The bank would consider the feedback received and respond in due course, he said.

“Our monetary policy actions have been, and will continue to be, effective in supporting the economy through the Covid-19 economic shock. Effective monetary policy is incredibly important for our shared objective of promoting the prosperity and well-being of all New Zealanders.”

What has the reaction been?

Last week, Shadow Treasurer Andrew Bayly called for Robertson to write to the central bank to impose conditions on the $28 billion Funding for Lending programme, to make sure it wasn’t all pumped into the housing market.

Bayly said the government had done the right thing, even thought it had been slow to act.

“I have been pushing this angle for about 10 working days and I think it was a pretty easy solution to actually look at and I don’t know why he didn’t do it.”

However, Robertson said he had not proposed any change to the bank’s primary objectives, and was committed to maintaining its independence.

“What National was proposing was actually directly intervening and directing the Reserve Bank around a specific programme, the Funding for Lending Programme,” he said.

“What I am doing is appropriately using the tools that we do have at our disposal, in particular, the monetary policy remit.”

Sense Partners economist Shamubeel Eaqub said the action was well overdue and a “huge wake-up call” for the Reserve Bank.

“Their commentary and their position on house prices over the past two weeks has been tone-deaf and frankly unbelievable.”

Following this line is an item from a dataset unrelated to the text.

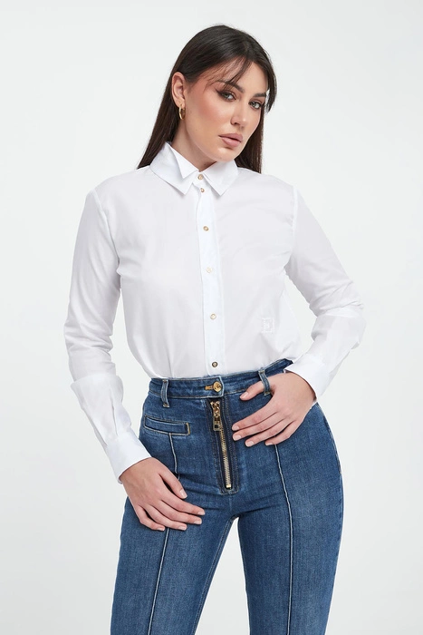 T-shirt damski z logo ELISABETTA FRANCHI Biały Regular
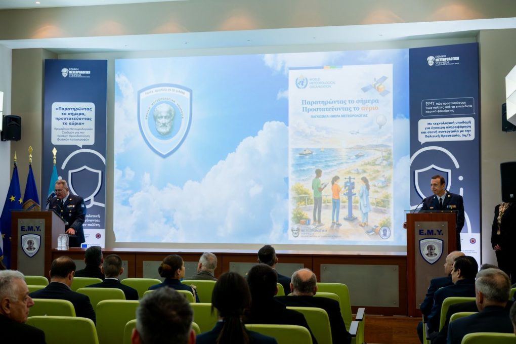 The Deputy Minister of National Defence Thanasis Davakis, today 23 March 2026, attended the celebration of “World Meteorological Day 2026”, organised by the Hellenic National Meteorological Service and the Hellenic Meteorological Society. There, he was received by the Chief of Staff/HAFGS Major General Matthaios Kanoupakis (HAF), and the Commander of the National Meteorological Service Colonel (Met) Ilias Patsiouras (HAF).

Eaqub said it should be more concerned about the wider stability of the economy and financial system.

“The Reserve Bank right now is creating harm in the economy by creating a bigger housing bubble in the middle of the biggest recession in our lifetime.

“We cannot blame anybody else. It is too much credit at cheap rates going into housing.”

On the other hand, Infometrics senior economist Brad Olsen said the government was “bowing to political will.”

“It is a step in the right direction to make sure that the Reserve Bank is taking into account house prices, but I don’t think that’s going to fundamentally shift how they set monetary policy and it’s certainly not going to see any real check on these rampant house price growth figures any time soon,” Olsen said.

“The fact remains that housing will take a while to be changed and it will require substantial government assistance, not the government shifting the blame.”

Robertson’s letter to the Reserve Bank Governor reinforced that the government had abdicated responsibility for the housing crisis, Olsen said.

“Because it refuses to make some of the necessary steps to increase supply. It’s quite clear that we need more houses in New Zealand and that requires additional changes to regulations – we’ve seen that the RMA is in the go-slow track like every consent ever, alongside a lack of really large scale investment in infrastructure across the country.”

Books in better shape

Meanwhile, the government’s finances are in better shape than expected but remain deeply in the red.

Final audited accounts for the year ended June show a deficit of $23.1 billion, slightly less than figures given just before the election.

The strength of the rebound from the Covid-19 restrictions underpinned the tax take by nearly $3bn more than expected, while expenses were $5bn below the Budget forecast.

The net debt level was also lower than expected at 27 percent of the value of the economy.

Robertson said the quick response to the pandemic had prevented an economic collapse.